Collected material:

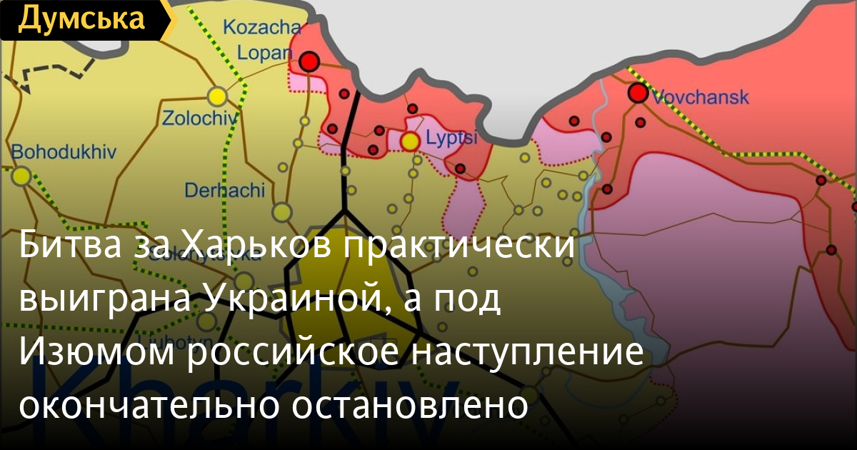 По данным «Думской», битва за Харьков, которая длилась с первого дня полномасштабного российского вторжения, практически завершилась и в пользу наших Сил обороны.
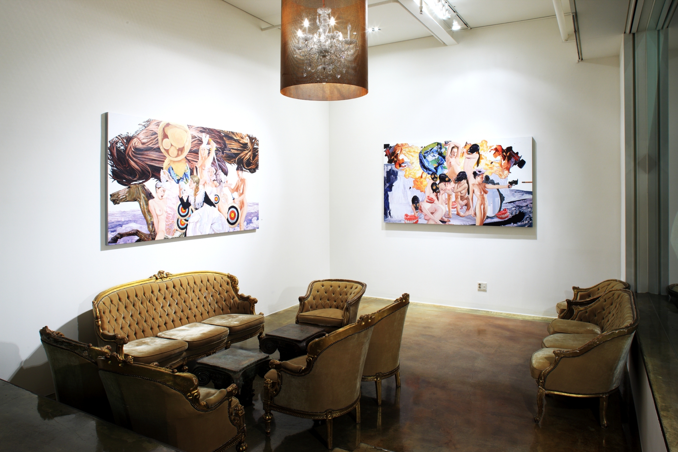 ● 옆에서 보면 모습이 사라지고 정면에서 바라보면 그제서야 희미하게 모습을 드러내는 조훈의 신작 회화작품. 관객은 은밀한 욕망의 시선에서 자유로워지는 대신 불안정한 형태를 완성하려는 욕망을 갖게 된다. 작품은 부조로 탄생한 여성의 반 누드 신체를 사진으로 찍고 이를 캔버스에 옮기고 그 위에 망점을 찍으면서 마무리된다. 무수한 망점은 여성의 노출된 몸매를 덮기 위한 가리개가 아니다. "모든 이미지는 망점에 지나지 않는다."라는 리히텐슈타인 말처럼 망점은 관객의 선입견으로 바라본 야한 이미지가 결국 작은 망점의 집합이라는 사실을 보여주는 장치이다.
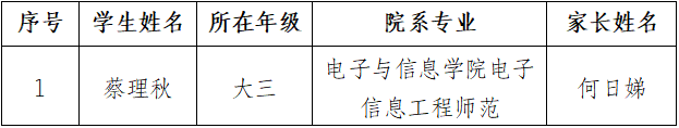 根据《关于开展2025“中国大学生自强之星”公益活动的通知》相关要求,通过学生本人自愿申请,经相关部门审核,我校拟推荐以下1名候选人参加“中国大学生自强之星”公益活动个人项目评选。现将名单公示如下:

About this exercise: Transcribe all the lines above exactly; any image among them is skipped.

Exercise answer:
 По данным «Думской», битва за Харьков, которая длилась с первого дня полномасштабного российского вторжения, практически завершилась и в пользу наших Сил обороны.
 ● 옆에서 보면 모습이 사라지고 정면에서 바라보면 그제서야 희미하게 모습을 드러내는 조훈의 신작 회화작품. 관객은 은밀한 욕망의 시선에서 자유로워지는 대신 불안정한 형태를 완성하려는 욕망을 갖게 된다. 작품은 부조로 탄생한 여성의 반 누드 신체를 사진으로 찍고 이를 캔버스에 옮기고 그 위에 망점을 찍으면서 마무리된다. 무수한 망점은 여성의 노출된 몸매를 덮기 위한 가리개가 아니다. "모든 이미지는 망점에 지나지 않는다."라는 리히텐슈타인 말처럼 망점은 관객의 선입견으로 바라본 야한 이미지가 결국 작은 망점의 집합이라는 사실을 보여주는 장치이다.
 根据《关于开展2025“中国大学生自强之星”公益活动的通知》相关要求,通过学生本人自愿申请,经相关部门审核,我校拟推荐以下1名候选人参加“中国大学生自强之星”公益活动个人项目评选。现将名单公示如下:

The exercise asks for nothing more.